The divergence between China and Western markets is structural, shaped by market design, incentives, and policy. High upfront investments have pushed Western OEMs toward premium vehicles to protect margins, slowing mass-market electrification. Policy frameworks reinforce this: Europe’s 2035 target offers long-term direction but weak near-term pressure, while U.S. incentives are constrained by price caps and sourcing rules.
China, in contrast, has consistently driven mass-market electrification through stable policy, infrastructure investment, and industrial coordination – making small vehicle segments the core of large-scale adoption.
Looking ahead, global BEV adoption will become more balanced, but regional differences will persist.
Figure 2 – BEV sales share¹ by region within respective sales segment, 2025 vs. 2030
¹ Only sales share depicted from 0-100%, no absolute sales figures shown.
² Entry-level segments in China are almost entirely Chinese-origin (Seg.
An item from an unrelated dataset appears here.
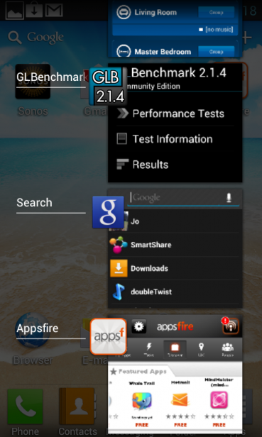 С экрана блокировки можно запустить четыре приложения, которые есть возможность изменить в меню Настройки. Пользователю доступно пять рабочих столов, как в One V, с возможностью убирать ненужные вам в данный момент. Если вы нажмете на кнопку под экраном, то появится многозадачное меню, показывающее все запущенные в данный момент программы и дающее возможность закрыть ненужные.

A: 100%, Seg. B: 94%).
Source: Berylls by AlixPartners analysis based on S&P global LV sales
The United States is likely to remain the slowest major BEV market, with adoption polarized between premium models and a limited set of lower-end offerings due to affordability, infrastructure, and segment constraints. In the largest market segments (C/D/E), the BEV sales share growth is at 6&p or lower until 2030.
Europe, on the other hand, is on a broader electrification trajectory. BEV adoption is expanding across all segments by 2030 and driving a gradual shift toward near-complete fleet electrification within the next decade. In every segment except for the E-segment, the BEV share will grow by double-digit percentage points until 2030.
Lastly, China is entering a new phase: Having almost entirely electrified lower segments by 2025, Chinese fleet electrification is moving upmarket, intensifying competition in mid-size and premium segments domestically and internationally. Even though the electrification growth in the C-/D- and E-segments are comparable to Europe over the next five years, the continent will still be ahead based on higher BEV shares from the get-go (except for the D-segment).
The global shift to electric mobility is becoming structurally asymmetric: Europe is slowly advancing toward full-fleet electrification, China is moving up the automotive value chain, and the United States risks falling further behind.
For Western OEMs, the question is no longer whether to electrify, but how. Long-term competitiveness depends on closing the affordability gap in lower segments while defending premium positions against increasingly capable Chinese competitors. At the same time, China remains a critical strategic market – both as the world’s largest BEV ecosystem and as the primary source of competitive pressure as Chinese OEMs expand into Western markets.
The window remains open but is narrowing. Without a credible path to mass-market electrification, the democratization of electric mobility in the West will remain incomplete, with lasting competitive consequences.